[enh] Refactor finiteness_checker #2669

icfaust · 2024-02-20T06:29:02Z

Description

Introduce avx2 ISA intrinsics for finiteness_checker. Duplicate AVX512 functions for AVX2 by switching certain numbers to half size and changing instructions from 512 to 256 bit width. Due to the hardcoded nature of the functions, it is not easily templated out without performance loss. This implementation should improve sklearnex performance on standard benchmarks.

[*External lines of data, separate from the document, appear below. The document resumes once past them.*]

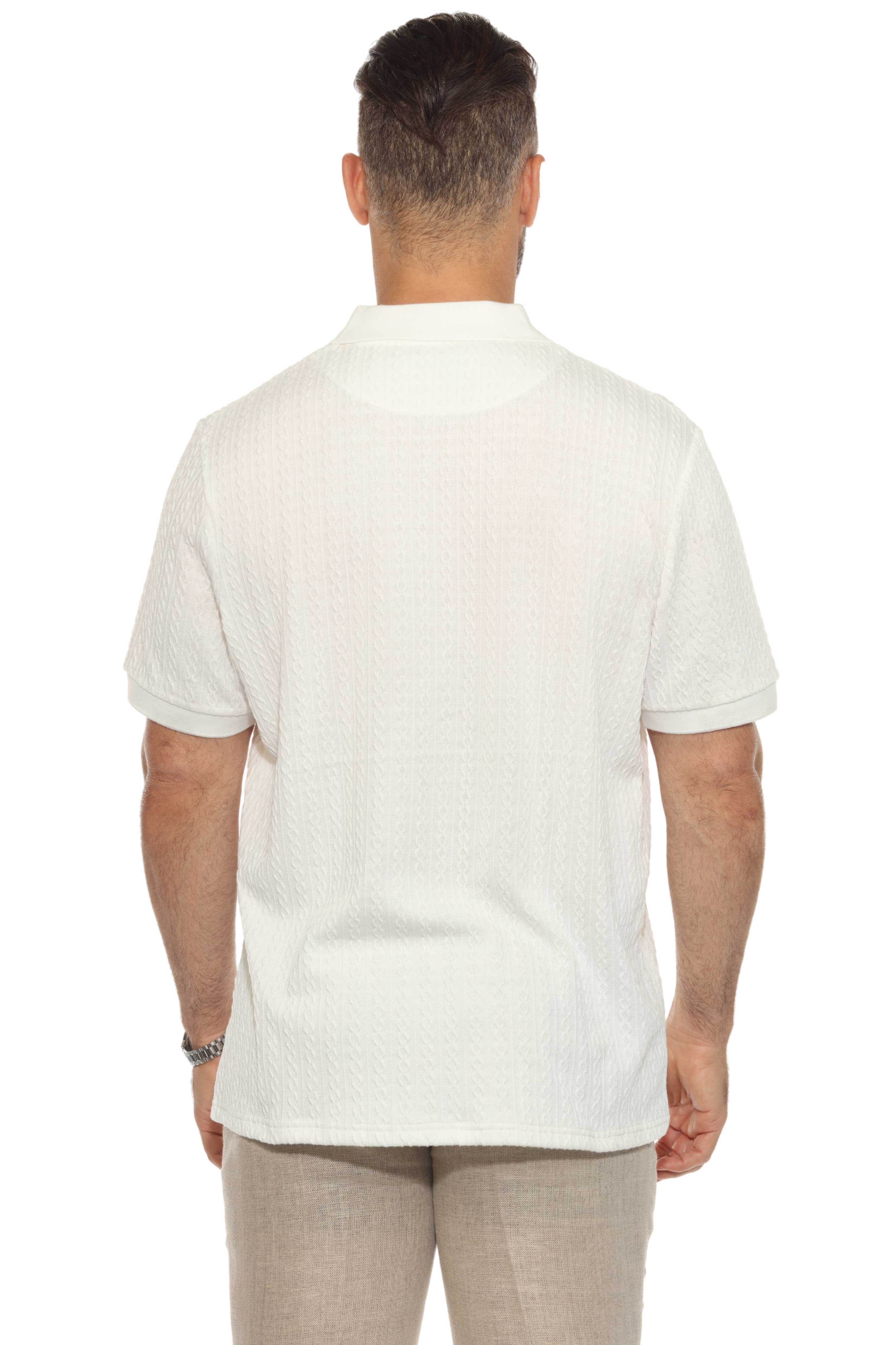 Crafted for comfort, this polo shirt features a cable knit pattern fabric that wicks moisture and stretches with ease. The modern design pairs effortlessly with jeans or chinos for an elevated casual look.
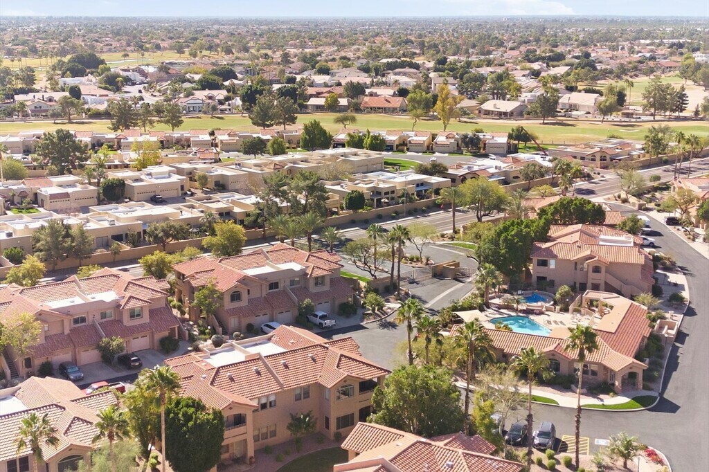 Enjoy resort-style living in this upstairs, modern condo featuring a desirable split floor plan with 3 bedrooms and 2 full baths on one level. The open-concept kitchen offers NEW appliances, a spacious breakfast bar, and flows seamlessly into the dining and living areas. The home has been freshly painted, upgraded with NEW carpet, and showcases modern finishes throughout; ready for immediate move-in. Additional highlights include an attached garage with interior stairway access, in-unit laundry with washer and dryer, ample storage, and blinds throughout. Located in a gated community with a heated pool, spa, fitness center, and clubhouse. Ideally situated near Loop 202, parks, golf, dining, and shopping. Stop by and see this exceptional place today!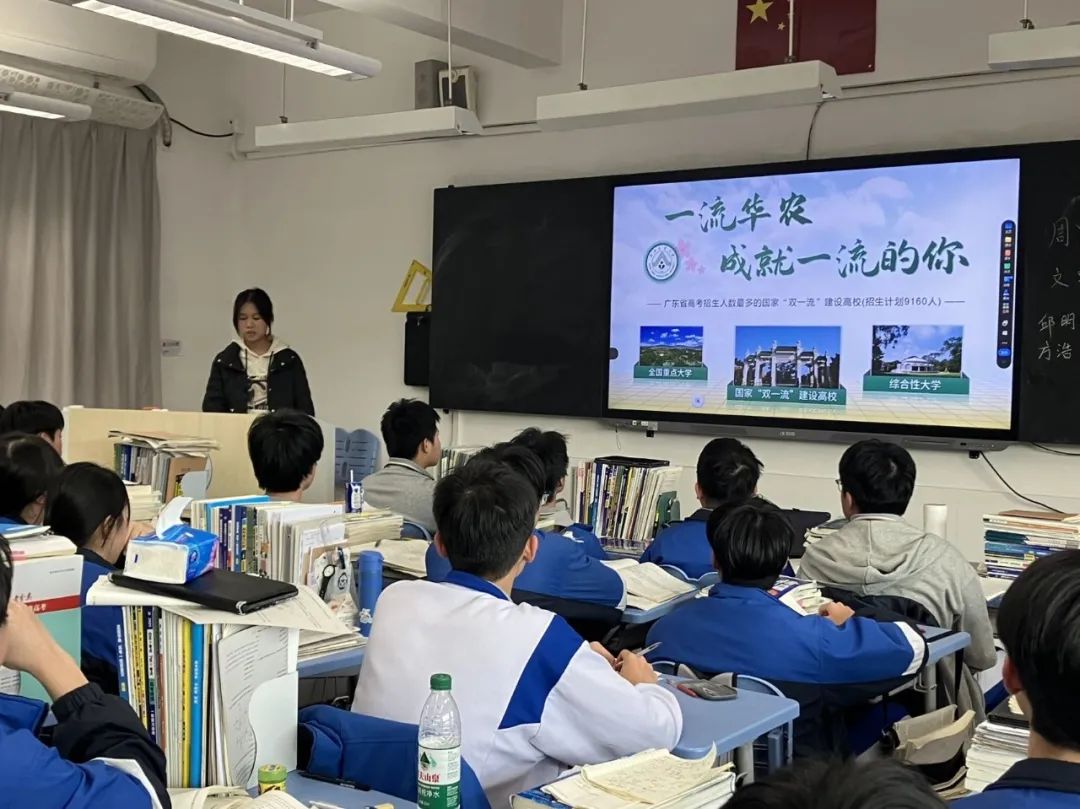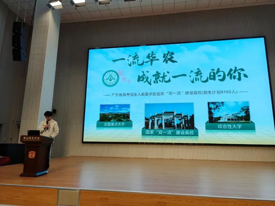 在广东华侨中学,招生宣传队伍精心准备了一场别开生面的宣讲会。他们不仅播放了精彩的校招生视频,让同学们直观地感受到华农的校园魅力,还通过PPT详细介绍了学校的优质资源和雄厚师资。一位参与宣讲的同学分享道:“我们希望通过这些生动的展示,让高三的学弟学妹们提前感受大学的氛围,激发他们对未来的憧憬。”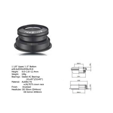 Рулевой набор AUTHOR ACO-А13H Int. алюминий. полукартриджный, для рулевой 1 1/8"/1 2.5" AHEAD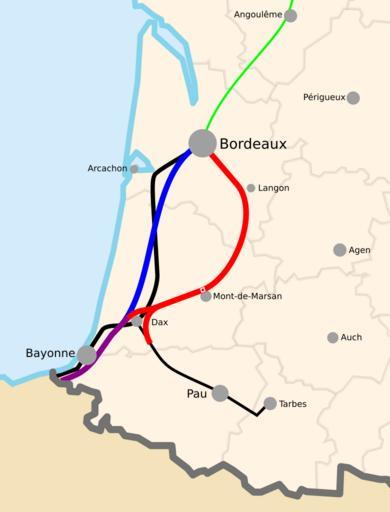 | Keywords: LGV Bordeaux - Frontière espagnole.svg Carte des trois options de la future LGV Bordeaux - Frontière espagnole En noir la ligne actuelle qui pourrait être portée de deux à quatre voies et l'embranchement vers Pau et Tarbes En rouge et en vert les deux options ligne nouvelle avec en violet leur tronc commun Départements_de_France svg http //www debatpublic-projetferroviaire-bordeaux-espagne org/documents/dossier-mo html 2009-10-21 19 51 UTC Départements_de_France svg bayo derivative work Benjism89 <span class signature-talk >talk</span> Départements de France auteur User bayo</nowiki> Uploaded with derivativeFX SVG maps of France High speed railway lines in France |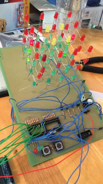 Here are some pictures of a project that my son did for his high school electronics class. It is an Ardunio Duemilanove board controlling an LED cube.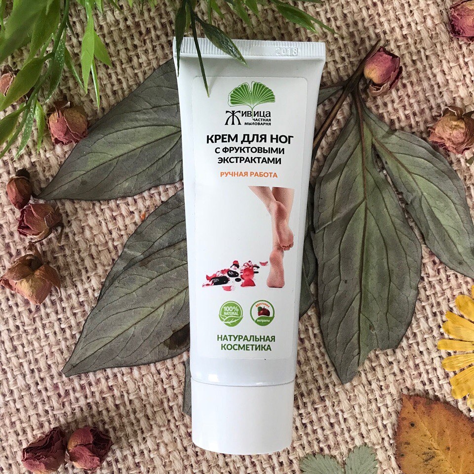 Крем для ухода за кожей ног Живица содержит фруктовые экстракты и кислоты, которые отшелушивают омертвевшие клетки и ускоряют обновление кожи стоп.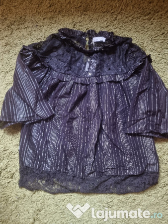 Bluză drăguță, de ocazie, cu detalii din dantela si insertie de fir lame, stralucitor. Cu mâneci trei sferturi, largi.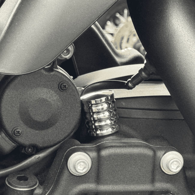 Polished finish. Horizontal milled. CNC machined billet aluminum NOS (NAMZ Original Stuff) neutral switch cover. Fits over the neutral switch and its wiring. Perfect to further improve the clean look.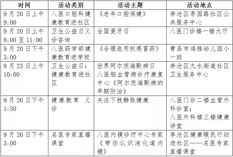 【预告】青岛市第八人民医院“服务百姓健康行动”大型义诊活动周明天启动 期待您的参与
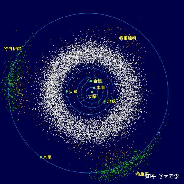 但稳定平衡的副作用是,有很多天然的物质,容易靠近和积聚在这两个位置。现在已经观测到,在地日的L4和L5点附近,有一些星际尘埃和至少两颗小行星。那么殖民飞船要到那个位置,就需要考虑如果避免和星际尘埃和小行星的碰撞问题。而太阳和木星系统的L4和L5点上,则有上百万的这样的小行星。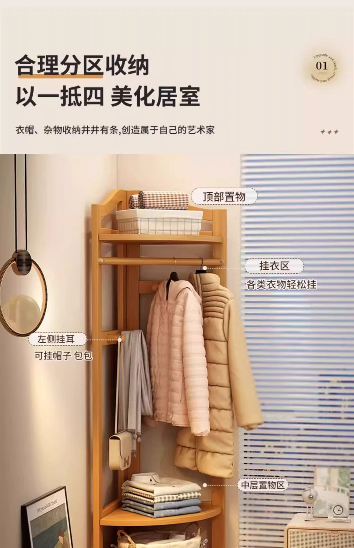 코너 코트 랙 바닥부터 바닥까지 가방 랙 침실 임시 옷 인공물 공간 없음스토어 가기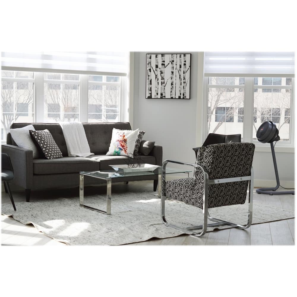 Move air throughout the room to cool down fast with this Vornado whole room air circulator. Three speed settings offer controlled ventilation, while the adjustable height and tilting head deliver multidirectional airflow throughout medium-sized rooms. With signature Vortex technology and deep-pitched blades, this Vornado whole room air circulator removes stuffiness and heavy air at the touch of a switch.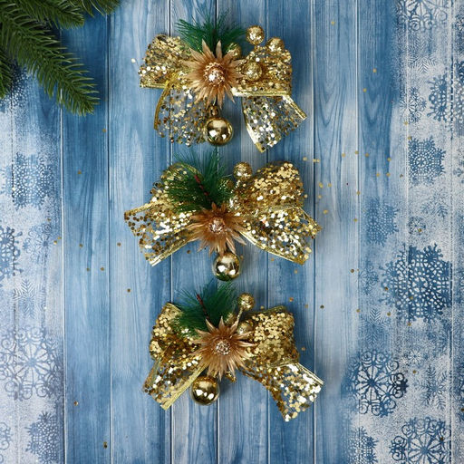 Ёлочные игрушки 3 шт. Зимнее волшебство. Еловая композиция пластик, бант блеск, цветок, 117 см, золото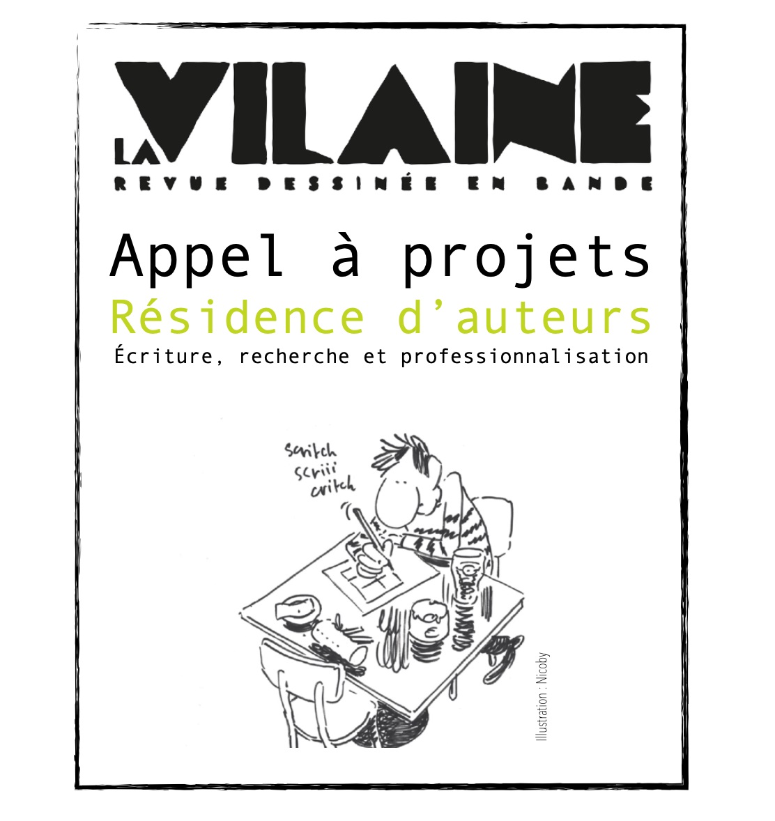 Pour la 2e année, la Vilaine propose une résidence d'écriture à destination d'auteurs BD ayant un projet de BD long (hors publication La Vilaine).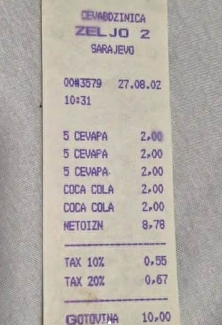 Na računu iz Ćevabdžinice Željo, koji je iznosio 10 maraka, moglo se kupiti tri porcije ćevapa i dvije Coca-Cole.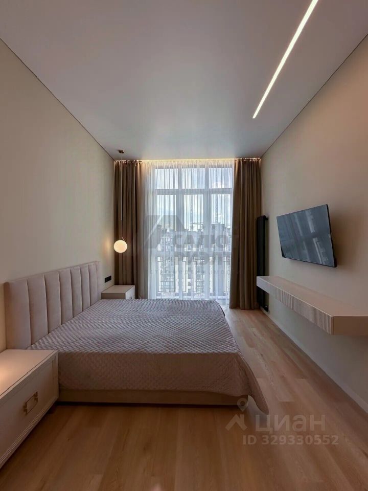 Kвaртирa paсположена на 10 этаже, имеет панорамное остекление, высота потолков составляет 3,30 м., автономное отопление. В квартире выполнен дизайнерский ремонт и установлен полный комплект мебели, а также техники для комфортной жизни.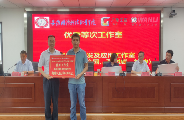 李中永宣读《关于公布2023-2024学年“万力”卓越工匠班考核结果的通知》文件,参会的校企双方领导为工匠班各工作室及11位优秀学员颁奖。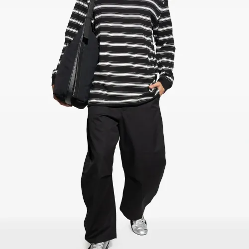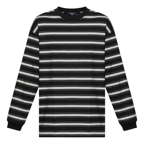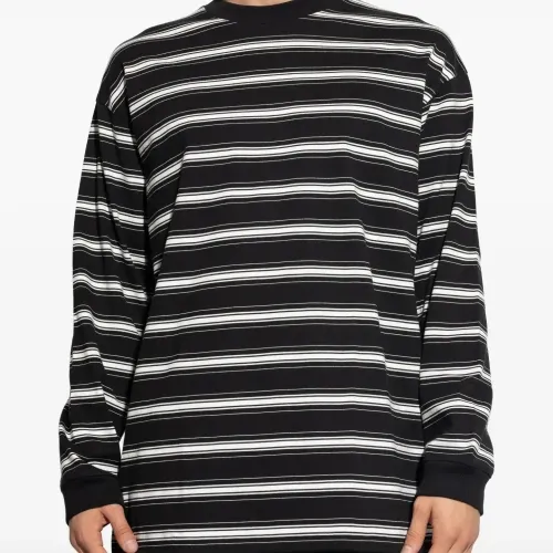 черный лонгслив с круглым вырезом, хлопковый, с ребристыми манжетами

Changes proposed in this pull request:

Add avx2 finite sum check
Add avx2 finiteness per element check
Add avx2 SOA supports
Move final comparison of finalMask out of for loop to reduce branching in AVX512 inf/nan check.
AVX2 to finiteness_checker_avx2_impl.i
AVX512 to finiteness_chcker_avx512_impli.
Common functions to finitness_checker_cpu.cpp, swap to templating
Expand definitions in finiteness_checker.h
Move __DAAL_KERNEL_MIN to daal_kernel_defines.h
fix bug in DAAL_DISPATCH_FUNCTION_BY_CPU and DAAL_DISPATCH_FUNCTION_BY_CPU_SAFE to properly select other ISAs

Tasks

Implement AVX2
Get it to compile
Green CI
Run sklearnex Benchmarks

cpp/daal/src/data_management/finiteness_checker.cpp

icfaust · 2024-02-20T07:12:08Z

/intelci: run

icfaust · 2024-02-20T09:49:02Z

/intelci: run

icfaust · 2024-02-20T12:01:26Z

/intelci: run

icfaust · 2024-02-21T08:36:54Z

test fail related to rbf kernel, which doesn't use this code

Alexandr-Solovev

In general it looks good to me, but, it's better to change the order of the new functions. Like firstly avx2 then avx512. Also, please use onedal-benchmarks with the kernel profiler as well as intelex benchmarks to check what kernels have been improved. I would like to say that you will get similar performance benefits in both.

cpp/daal/src/data_management/finiteness_checker.cpp

icfaust · 2024-04-19T08:06:56Z

This will likely pass CI, but performance benchmarks are necessary due to the underlying changes in the CPU function dispatching.

icfaust · 2024-04-19T08:07:08Z

/intelci: run

icfaust · 2024-04-22T07:14:22Z

/intelci: run

icfaust · 2024-04-22T07:15:10Z

Things required before re-review: a privateCI run for checking avx512, and oneDAL performance benchmarks of changes to function dispatching.

icfaust · 2024-04-22T08:52:41Z

Run with an avx512 build: http://intel-ci.intel.com/ef007c41-cb1f-f115-9514-a4bf010d0e2e failures due to un-related GPU issues.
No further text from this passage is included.